After that, the dashboard showed the real truth: the bottleneck was sync writes, not random magic performance.

Mini-story #3: The boring practice that saved the day (“scrub schedule + SMART trend alerts”)

A financial services shop ran a large archival pool. Nothing flashy. Mostly sequential reads, periodic writes, and strict retention.
The team had a habit that everyone found slightly annoying: monthly scrubs, with alerts not only for errors but also for “scrub time increased by 30%.”
They also tracked SMART trends for pending sectors and temperature.

One month, scrub duration jumped. No errors, just slower. The dashboard showed one vdev’s read latency p95 rising steadily,
while the rest stayed flat. SMART didn’t show catastrophic failure, but it did show increasing “Current_Pending_Sector” on a single disk.
Not enough to trigger vendor replacement by itself, but enough to trigger the team’s own policy.

They replaced the disk during business hours with no drama. A week later, the old disk failed hard in the test bench.
The team didn’t win an award. They also didn’t get paged at 03:00 with a degraded pool and a CEO who suddenly cares about parity math.

The practice wasn’t clever. It was consistent.
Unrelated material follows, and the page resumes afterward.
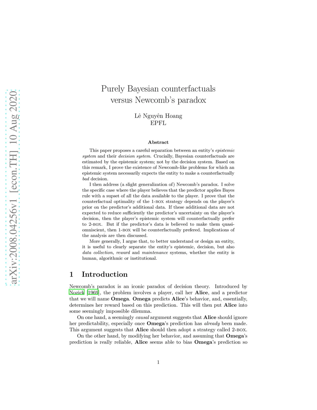 This paper proposes a careful separation between an entity's epistemic system and their decision system. Crucially, Bayesian counterfactuals are estimated by the epistemic system; not by the decision system. Based on this remark, I prove the existence of Newcomb-like problems for which an epistemic system necessarily expects the entity to make a counterfactually bad decision. I then address (a slight generalization of) Newcomb's paradox. I solve the specific case where the player believes that the predictor applies Bayes rule with a supset of all the data available to the player. I prove that the counterfactual optimality of the 1-Box strategy depends on the player's prior on the predictor's additional data. If these additional data are not expected to reduce sufficiently the predictor's uncertainty on the player's decision, then the player's epistemic system will counterfactually prefer to 2-Box. But if the predictor's data is believed to make them quasi-omniscient, then 1-Box will be counterfactually preferred. Implications of the analysis are then discussed. More generally, I argue that, to better understand or design an entity, it is useful to clearly separate the entity's epistemic, decision, but also data collection, reward and maintenance systems, whether the entity is human, algorithmic or institutional.

Storage rewards consistency like a trained animal: feed it scrubs and trend alerts, and it behaves.

Common mistakes: symptom → root cause → fix

1) “Pool is ONLINE but users report random stalls”

Symptom: Short freezes, p99 latency spikes, especially under mixed load.

Root cause: One slow disk, controller hiccups, or a vdev imbalance causing queueing. Often visible in iostat -x as high await/%util on a single device.

Fix: Identify the hot/slow disk, check SMART and logs, reseat/replace hardware. Add per-disk latency panels, not just pool throughput.

2) “Everything got slower after we added more data”

Symptom: Gradual decline in performance, scrubs take longer, allocation errors appear near the end.

Root cause: Pool too full and/or heavily fragmented; snapshots consuming space; small free segments.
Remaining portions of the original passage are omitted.